But we didn’t see how it was romance.

But there was still hope somebody would teach us later.

“And today,” the teacher would say, “we are going to learn about the American Romantics!”

“Hooray!” we would reply. “Finally someone to explain to us all of the beautiful and delicious mysteries of mom’s cupboard books and why that gorgeous rich boss always falls for the nineteen-year-old virgin secretary!”

“No! We’re going to learn about wild men going into the woods and living without plumbing and raging alcoholics drinking themselves to death after making $25 on their best work and how foolish inconsistency is the hobgoblin of little minds!”

“Are you shitting me?” We were sort of pissed off by now. “What’s romantic about that?”

“Well, it was like the hippies in the sixties, everybody believed all you need is love, and expanding your mind, and beautiful songs and here—read The Scarlet Letter, you will understand.”

“Those people were seriously messed up. If I was Hester Prynne I’d move to some place where sex wasn’t illegal and stop sewing, because her kid needed a swift kick in the pants and Hester wasn’t doing it.”

And the teacher would get mad.  “You people are completely missing the point. The American Romantics were a key period of time in literature. It was a time when the self was valued and the collective was suspect and people learned to listen to their own inner voices and—“

“Well that’s all very well and good, but where do we learn about the boy next door turning hot, like Ryan Reynolds and the girl next door wearing red lingerie—where’s the literary era that tells me about that?”

“Eventually,” the teacher says, pushing his/her spectacles up his/her nose, “you will lose the desire to read about that and dedicate yourself only to true literature. It says so in this teacher’s manual I have about the necessity of reading outside the literary canon which is why we give you ten minutes a day to read something of your own choice. Now commence Sustained Silent Reading.”

“Whatever.”  And then we’d all dedicate ourselves to seeing if the hero and the heroine can overcome the big misunderstanding, because then there will be kissing and hugging and maybe even sex, and we can be happy we’re human beings after all.

Eventually, we think, somebody will explain to us why all that other crap is called romance.
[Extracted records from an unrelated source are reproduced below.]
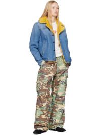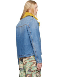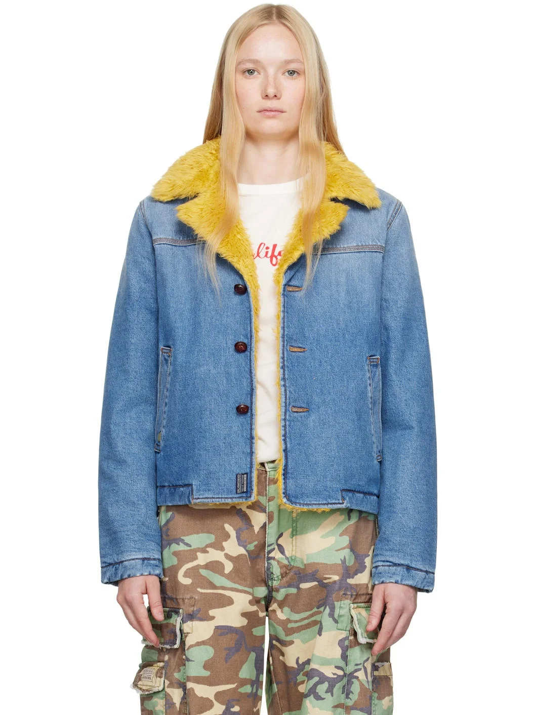 Padded non-stretch denim jacket. Fading throughout. · Faux-shearling trim at notched lapel · Button closure · Welt pockets · Full quilted twill lining · Contrast stitching in tan Supplier color: Blue Body: 100% cotton. Trim: 80% acetate, 20% polyester. Lining: 65% polyester, 35% cotton. Made in Italy 252260F060000
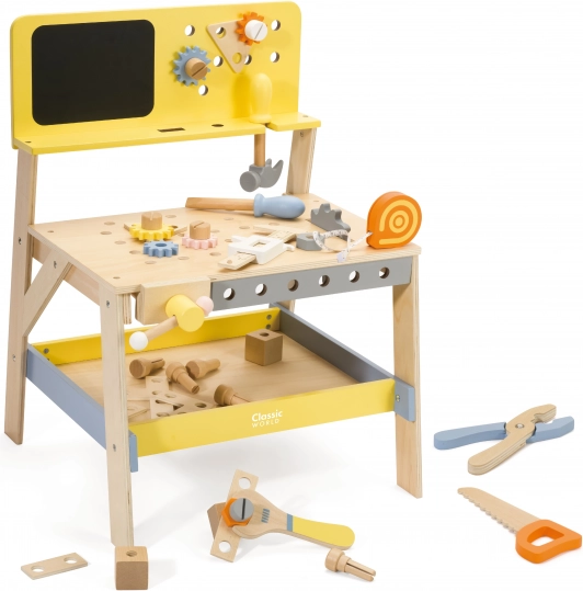 Ontdek de creatieve wereld van repareren en bouwen met de houten werkplaats van CLASSIC WORLD. Deze hoogwaardige set bevat 27 onderdelen, inclusief gereedschap en accessoires, en biedt ook een krijtbord voor het tekenen van plannen. Dankzij de stevige houten constructie zonder scherpe randen is hij veilig voor kinderen en ondersteunt hij de fijne motoriek, creativiteit en fantasie.
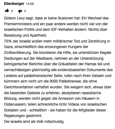 Wie bequem es ist, von der Grausamkeit der Hamas schockiert zu sein, ihre Handlungen der ganzen Welt zu präsentieren und ihr Volk Monster zu nennen. Nichts davon gibt Israel das Recht, ähnlich zu handeln. Als ich vor einigen Monaten in einem Interview sagte, dass Israels Behandlung palästinensischer Gefangener nicht besser ist als die Behandlung der Hamas mit uns, und vielleicht sogar noch schlimmer, wurde ich vom ersten und aufgeklärten Programm für aktuelle Angelegenheiten im israelischen Fernsehen angeprangert und gefeuert. Nach Shezafs Bericht ist das Bild noch deutlicher: Wir sind wie die Hamas geworden.
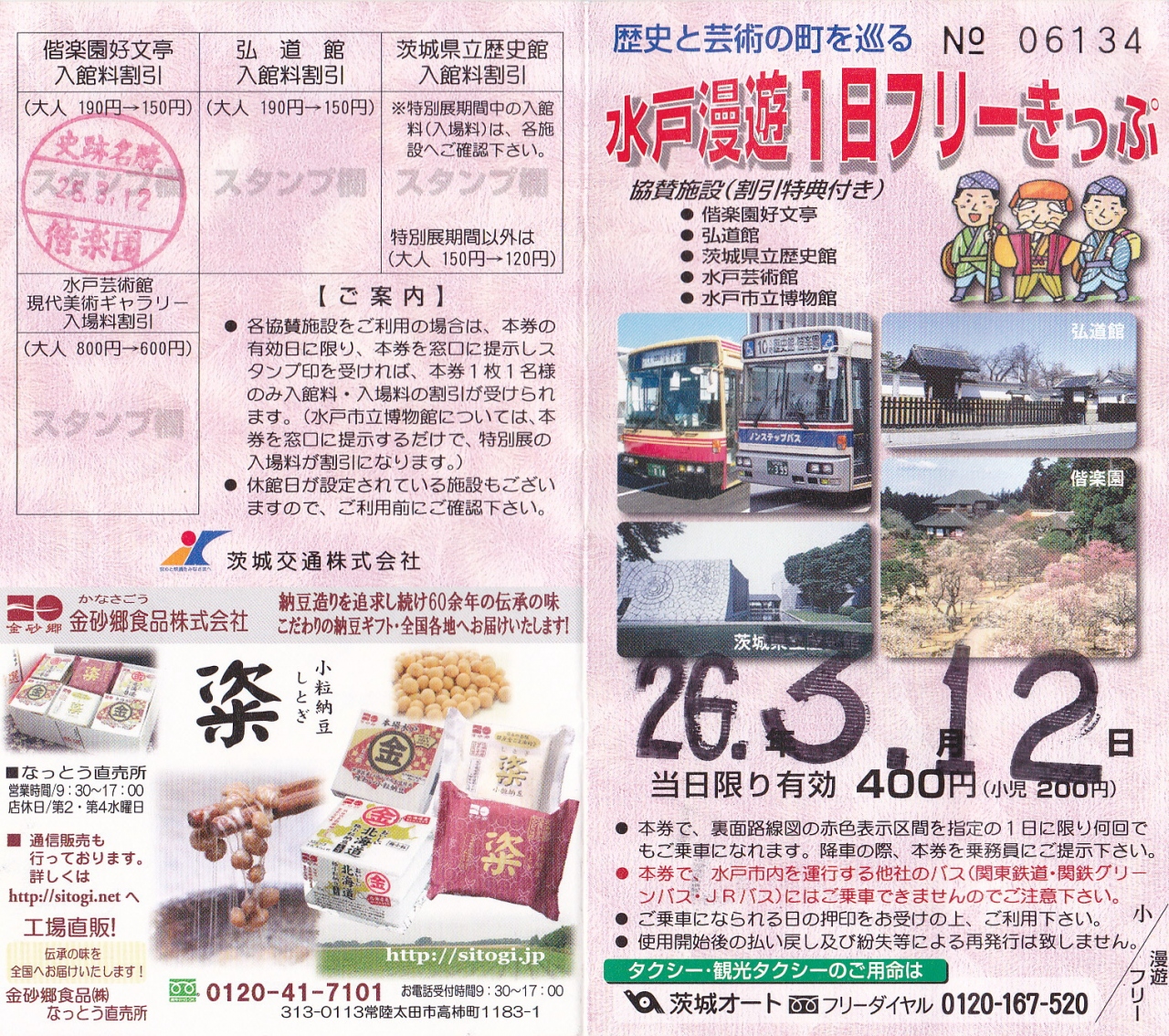 乗る前にバス停に係が「フリーパス」を販売していたので購入。400円。(茨城交通のみ。水戸市内なら何度でも乗り降り自由のパス)
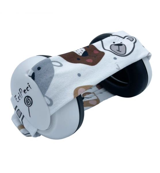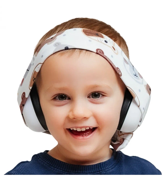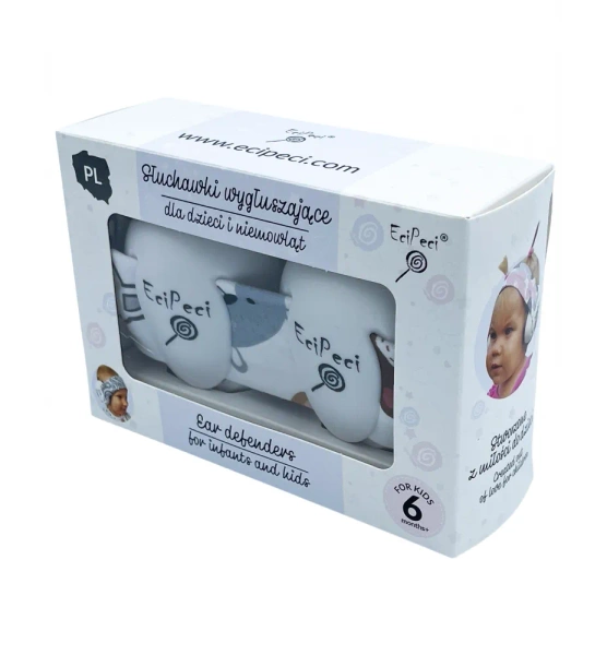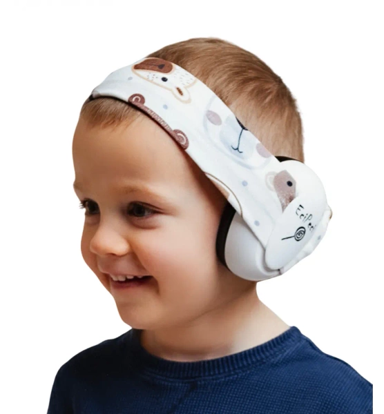 Słuchawki posiadają specjalnie skonstruowane nauszniki wyciszające, tłumiące dźwięki i hałas oraz ręcznie szytą opaskę niwelującą ucisk na główkę dziecka. Elastyczna opaska regulowana za pomocą rzepa pozwala na doskonałe dopasowanie słuchawek oraz łatwe ich założenie.
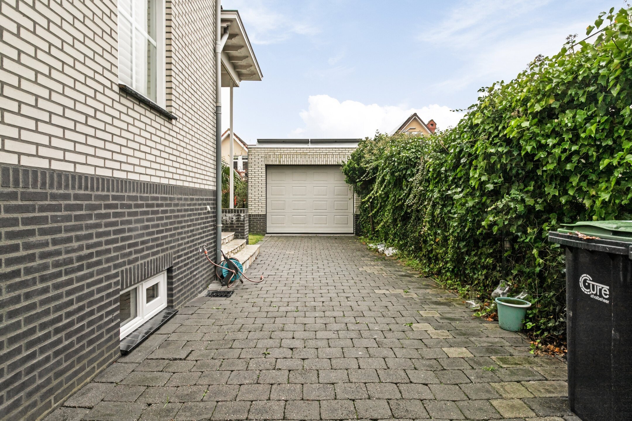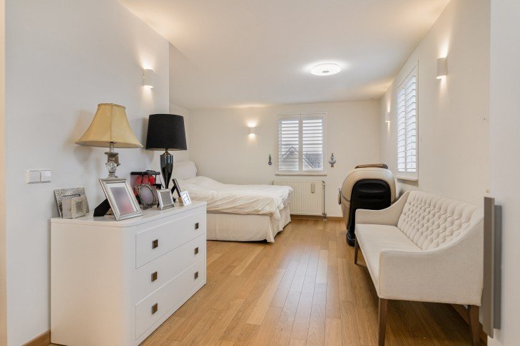Next to the house is a driveway with a gate, leading to the garage with space for one car. Additionally, the house is equipped with two charging stations for electric vehicles.

But nobody ever does, and although we continue to read the good stuff, the stuff with the love and the kindness and the exciting personal growth and the sex, we feel a vague embarrassment about not reading the stuff our teachers told us was good.  We go to garage sales with our mothers and buy (or learn to make) those quaint little book covers that keep our paperbacks from disintegrating and also hide the fact that we’re not all reading The Fountainhead or Joyce Carol Oates or 7 Habits of Highly Effective People.
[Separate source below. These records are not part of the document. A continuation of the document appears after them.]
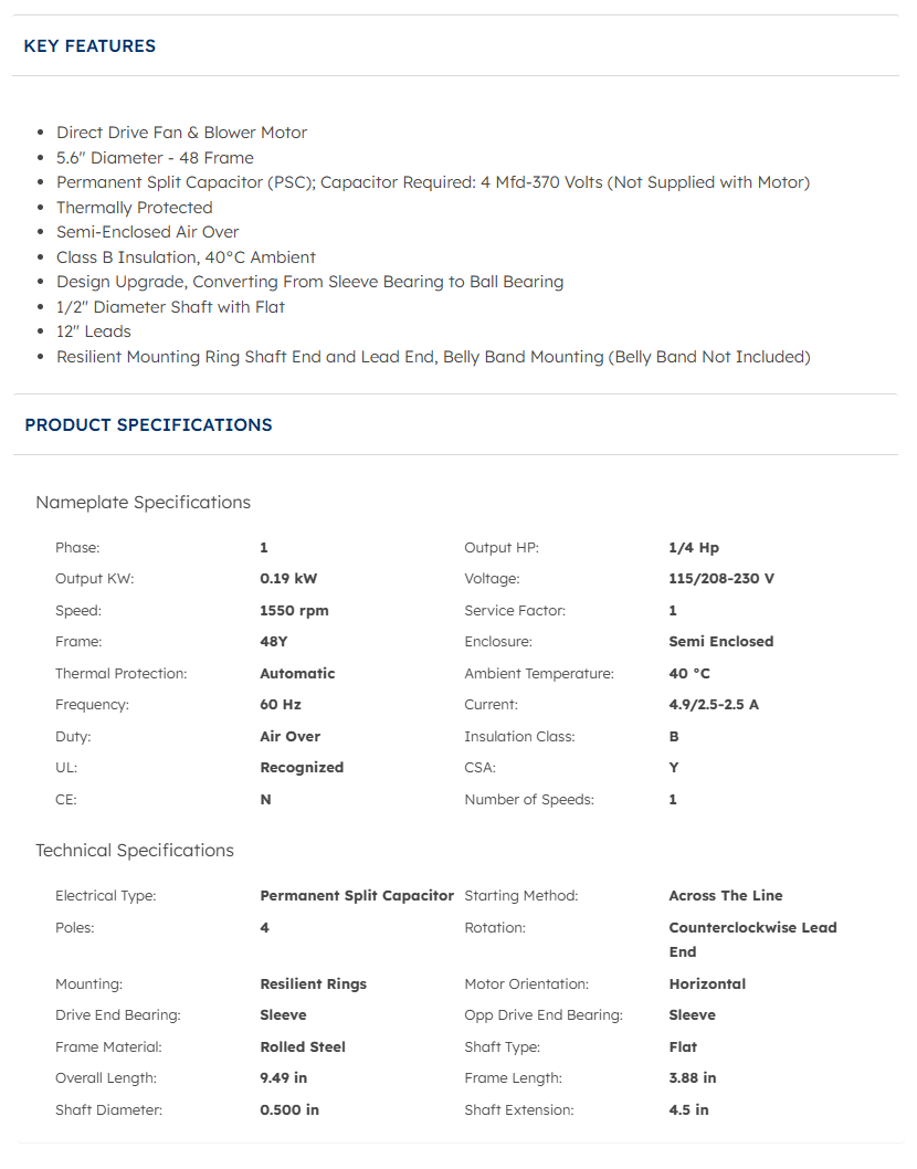 Motor Type: Direct Drive Fan & Blower Motor
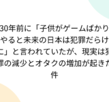 30年前に「子供がゲームばかりやると未来の日本は犯罪だらけに」と言われていたが、現実は犯罪の減少とオタクの増加が起きた件
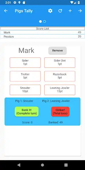 Use this simple application to keep track of your score when playing the popular game "Pass the Pigs".
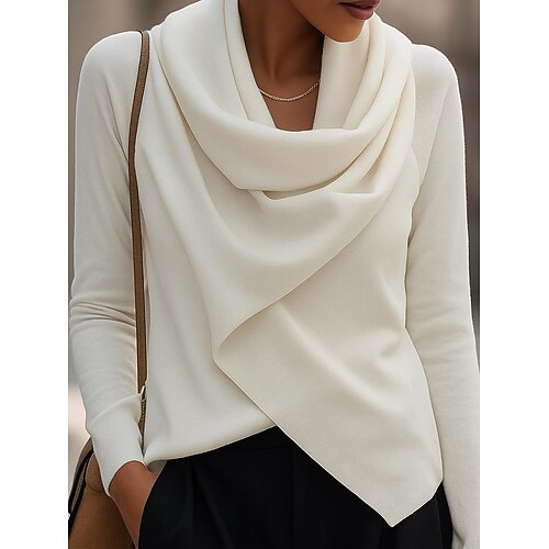 Per donna Blusa Tinta unica Elegante Essenziale Casual Manica Lunga Scollo a Cascata Top Regolari Quotidiano Arricciato Bianco Primavera Autunno Inverno
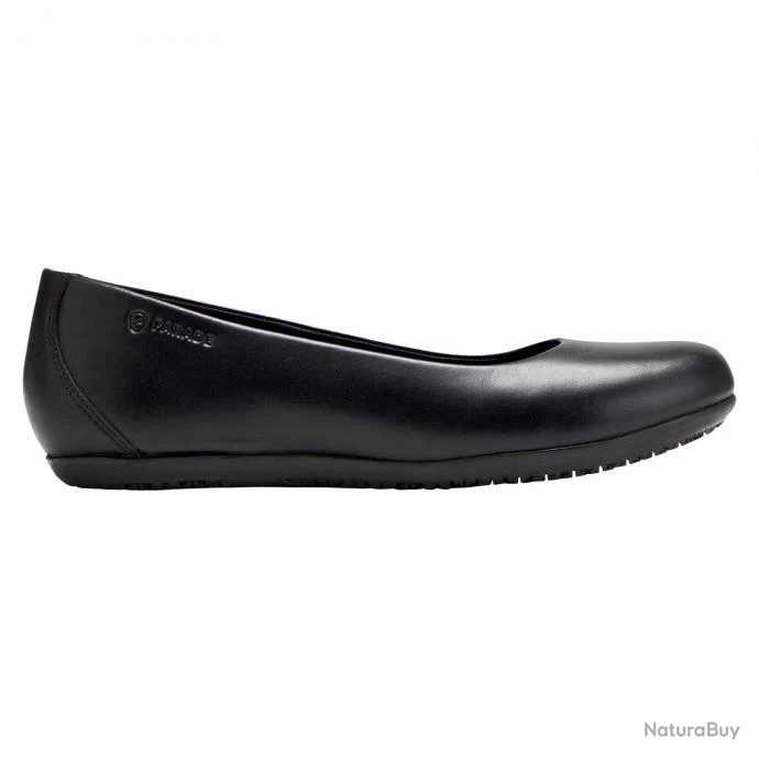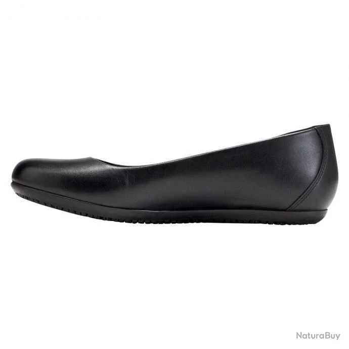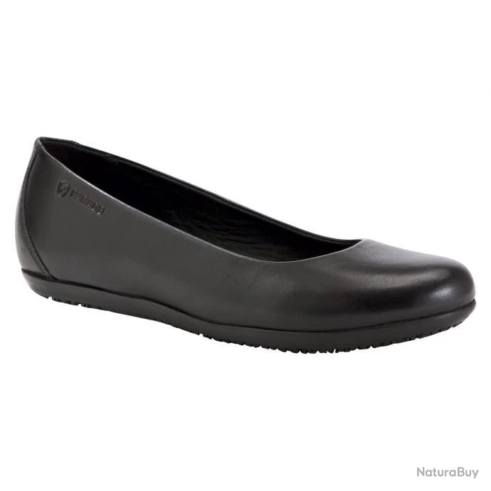 Des chaussures de travail, type ballerines, en cuir de vachette pleine fleur; avec doublure cuir et semelle antiglisse.
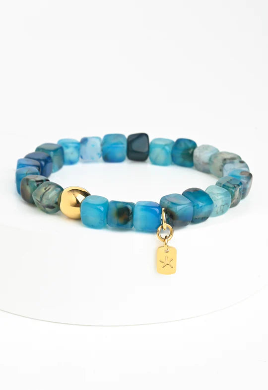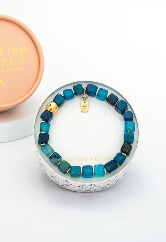 Keep calm and carry on in our Halcyon Bracelet. Each gorgeous ocean-hued agate stone comes together to create a simply breathtaking impact. Wear solo, layer with more fair trade beads or stack with your fave bangles. However you choose to wear (or gift) the Halcyon Bracelet, know that the peace and calm you discover within is shared with the survivors who crafted this life-transforming piece.
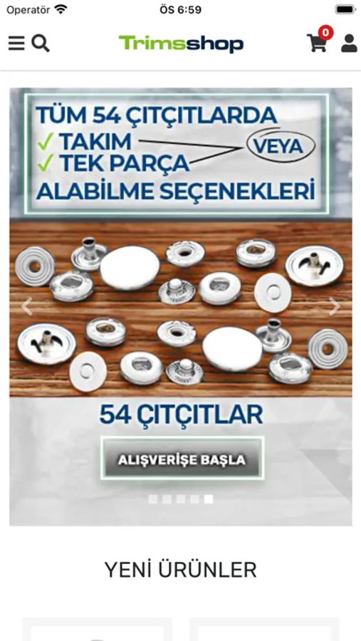 Trimsshop mobil uygulaması ile tekstil aksesuarları kuşgözü, düğme, klikıt çıtçıt, pantolon kancası, kot düğmesi vb. ürünleri satın alabilirsiniz.

The Kindle is invented, and we can throw those covers away—but we still tell people we’re reading the literature so we don’t have to deal with romance reader’s shame—but nobody tells us why we should feel it.
Well, we shouldn’t.

Those original romances—King Arthur etc—were called romances because, instead of just coming in and blowing the bad guys out of the water in “I’ve come to kill your monster,” fashion, the heroes and heroines actually had individual personal lives that had nothing to do with the central military conflict.
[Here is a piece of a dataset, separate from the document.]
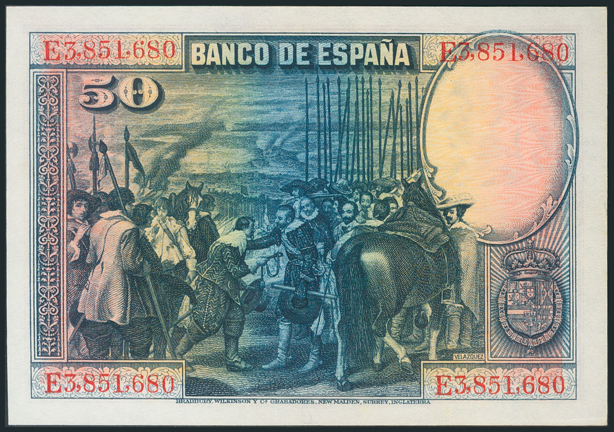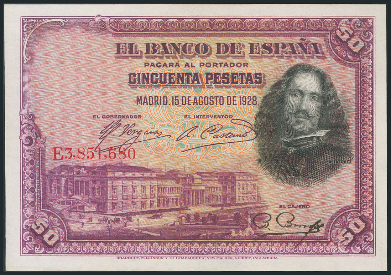 50 Pesetas. 15 de Agosto de 1928. Pareja correlativa. Serie E. (Edifil 2021: 354). Apresto original. SC-.
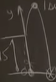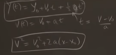 What Physicists differ from pure mathematicians is that they use math as a tool to make sense of the world. So in his lecture, he asked what is the height the object could go, if one stands at a platform 15 meters above the ground, and throw a ball upward with a speed of 10m/s, how tall can the ball go? The tricky part is to figure out that when the ball reaches the top, its speed has to be 0, hence t can be solved, then y can be solved. Or, one can use the bottom equation directly to get the x value.

There was no rule that said the personal life had to have a satisfactory ending.  Most of the time, it didn’t.

The romantic poets took that idea—the idea of heroes having individual personal lives—a few steps further. They said that not only did the individual personal life of a hero matter– but that the life didn’t have to be a heroic one to have impact. Your average every day shepherd or gardener or chimney sweep had a soul, and a purpose, and a reason for being.  It was this idea that allowed Jane Austen to write about a Mr. Darcy and Elizabeth Bennett when Elizabeth didn’t have any title or claim to royalty or even much money. She was an important individual by the grace of her intelligence and her person, and so we cared about what happened to her. So even without the happy ending (and the television viewer’s inner eye continually blessed by the vision of Colin Firth emerging from that pond in that big poofy shirt), Pride and Prejudice would still be a romance.

But thank you Jane Austen for giving us the happy ever after to strive for.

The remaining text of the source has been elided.